Cina, aziende sotto attacco per aver denunciato il caso uiguri



Da Wired.it :

Da H&m a Nike, in Cina scatta il boicottaggio contro i marchi che prendono posizione contro le violenze in atto nello Xinjiang

Cotone Foto di bobbycrim da Pixabay
Cotone Foto di bobbycrim da Pixabay

Una campagna di boicottaggio accompagnata da un’ampia propaganda comunista, si è dispiegata in Cina contro diversi brand occidentali di abbigliamento, come H&m, Nike, Adidas e tanti altri sullo sfondo di un contenzioso diplomatico di più vasta scala. Che i colloqui di Anchorage fra Washington e Pechino non siano andati nel migliore dei modi, lo testimonia lo scambio reciproco di sanzioni avviato dall’occidente per la questione uigura. Stati Uniti, Canada, Regno Unito ed Unione europea hanno imposto il congelamento di beni e i divieto d’accesso a cinque funzionari e un’ente pubblico cinese accusati di essere coinvolti in attività di repressione nello Xinjiang, provincia interna della Cina, ai danni della minoranza musulmana degli uiguri.

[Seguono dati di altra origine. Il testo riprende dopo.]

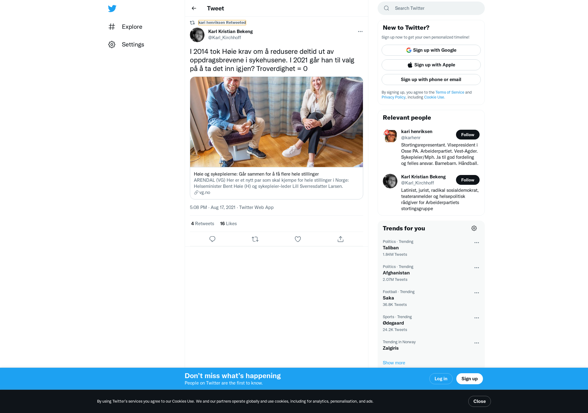 RT @Karl_Kirchhoff: I 2014 tok Høie krav om å redusere deltid ut av oppdragsbrevene i sykehusene. I 2021 går han til valg på å ta det inn igjen? Troverdighet = 0 https://t.co/cO00ddKp6Z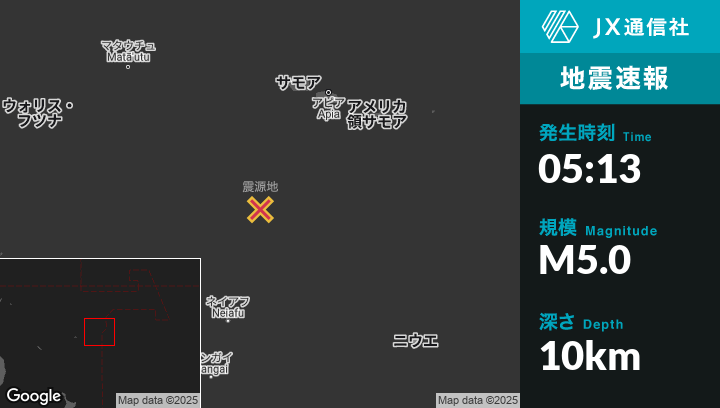 1月12日 05:13頃、トンガのHihifoから東南東61kmの地点でM5.0の地震がありました。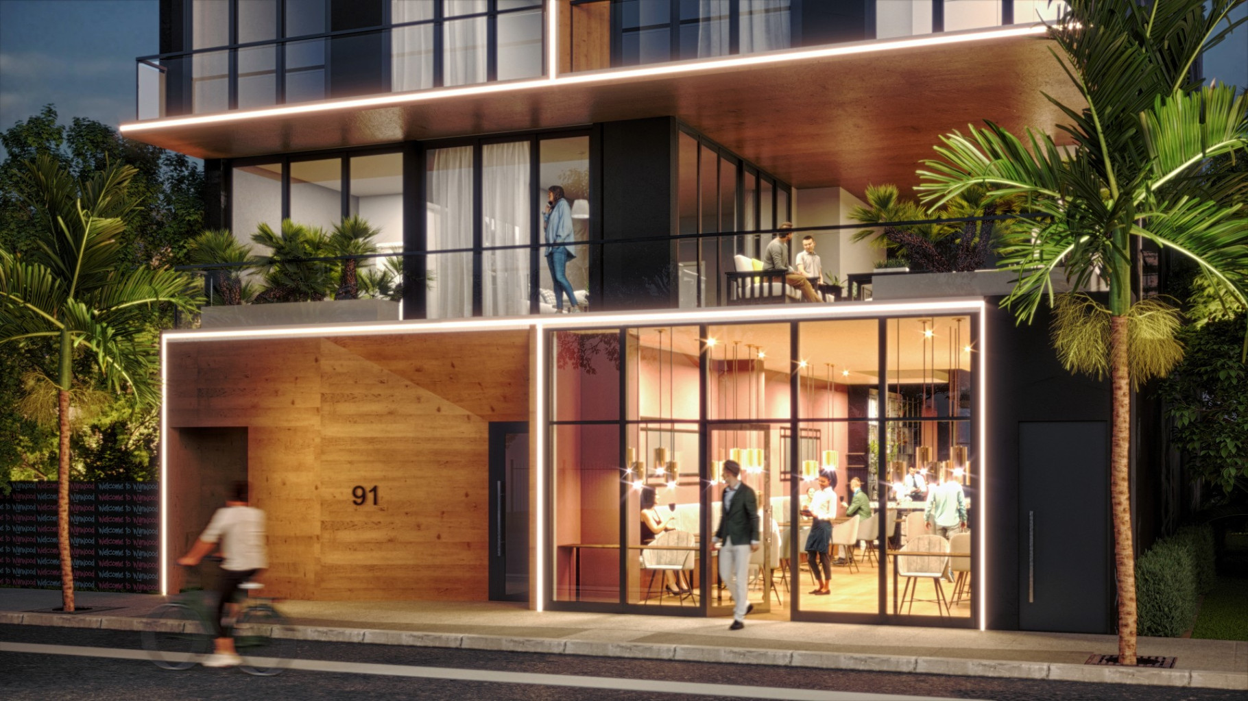 This 5-story residential development features 17 multifamily units and 3,000-SF of ground-floor retail space. The mezzanine units include large terraces overlooking the street, while the penthouse units are designed to maximize outdoor experiences and offer stunning views. The façade is composed of splayed rectangular forms, providing privacy and defined balconies accentuated by linear lighting. Finished in Prodema wood cladding, the exterior combines a refined material palette with a strong geometric composition. The structural design accounted for expansive rooftop terraces equipped with exterior kitchens, bars, and plunge pools.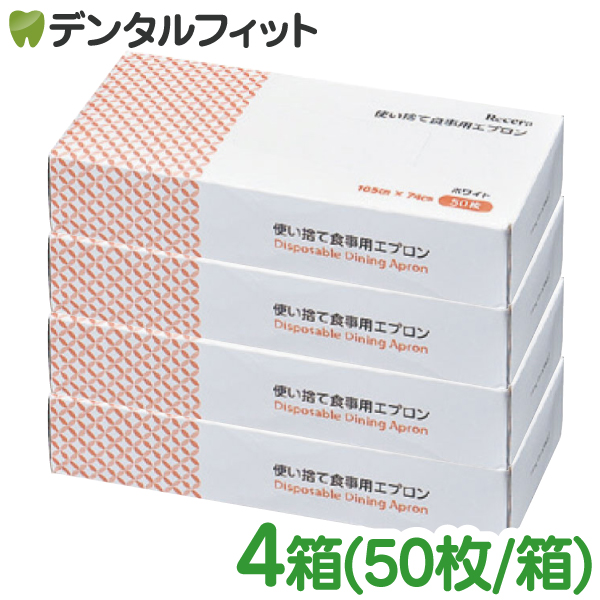 リセラ 使い捨て 食事用エプロン 4箱(50枚/箱) 2WAY タイプ 防水 エンボス加工 簡単 装着 長さ 調節 可能
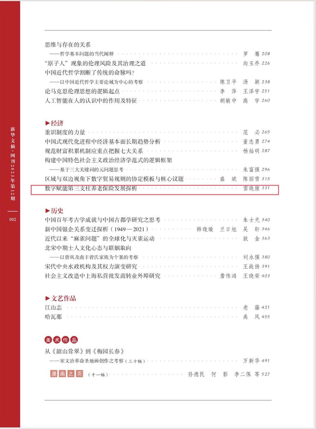 《新华文摘 》(网络版)全文转载我院雷晓康教授的论文《数字赋能第三支柱养老保险发展探析》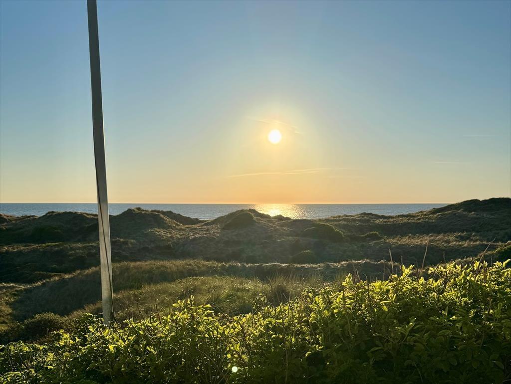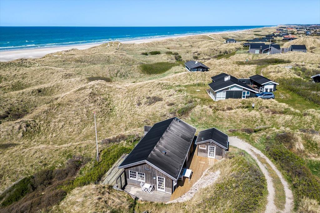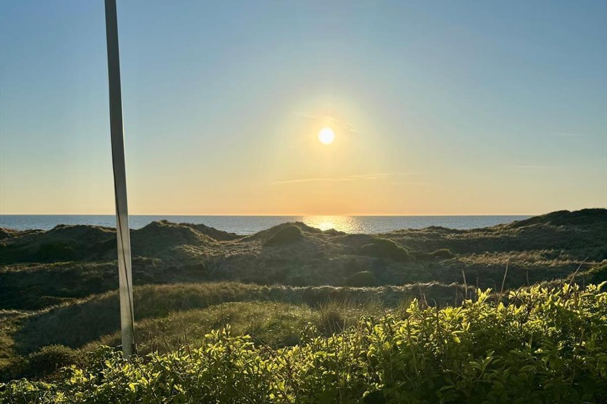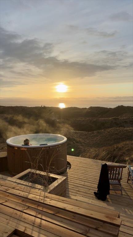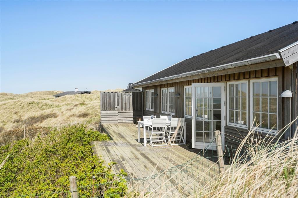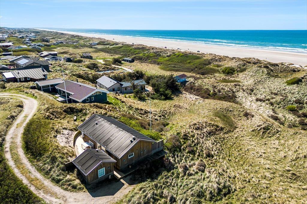 Vom Wohnzimmer tretet ihr hinaus auf die neue, große Holzterrasse mit Essplatz, Sonnenliegen und Hot Tub – eines der absoluten Highlights des Hauses. Hier vereinen sich Sonne, Meeresluft und der großartige Blick über die Dünen zu einer ganz besonderen Urlaubsstimmung. Wenn der Tag sich dem Ende neigt, könnt ihr den Sonnenuntergang direkt von der Terrasse oder dem Hot Tub aus erleben, während der windgeschützte Sonnenhof nach Süden und Osten morgens und mittags Sonne sowie Ruhe für ein gemütliches Mittagessen in der Wärme bietet. Hinweis: Die Terrasse wurde im Herbst 2025 angelegt – neue Fotos folgen im Frühjahr 2026. Vor dem Haus erstreckt sich eine geschützte Dünenlandschaft bis hinunter zum Strand, und oft kommen Rehe vorbei. Die Lage ist ruhig, ungestört und absolut einzigartig – nur 150 Meter von einem der schönsten Strände Dänemarks entfernt.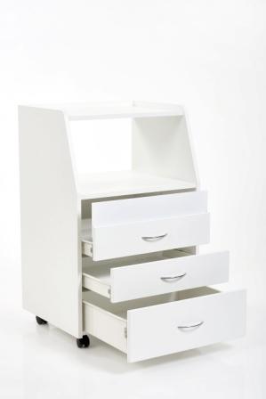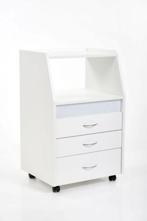 Многофункциональный передвижной столик БЬЮТИ выполнен из ламинированного ДСП с тремя выдвижными ящиками и открытой полкой. Верхний ящик оснащен УФ-лампой (8Вт) для хранения стерилизованных инструментов.

Diversi report indicano che nella regione ci sono campi di lavoro forzato dove gli uiguri sono costretti a raccogliere cotone, in condizioni che violano i diritti umani. Così, mentre la Cina rispondeva con sanzioni similari alle potenze occidentali, è stata riesumata dal web una dichiarazione senza data di H&m, in cui la multinazionale svedese si diceva “profondamente preoccupata” per le notizie riguardanti sfruttamento e discriminazione di minoranze nella regione. Per tutta risposta, la Lega dei giovani comunisti cinese ha risposto con un post al vetriolo su Weibo, un social network di microblogging: “Volete fare soldi in Cina diffondendo false dicerie e boicottando il cotone dello Xinjiang? Pia illusione”.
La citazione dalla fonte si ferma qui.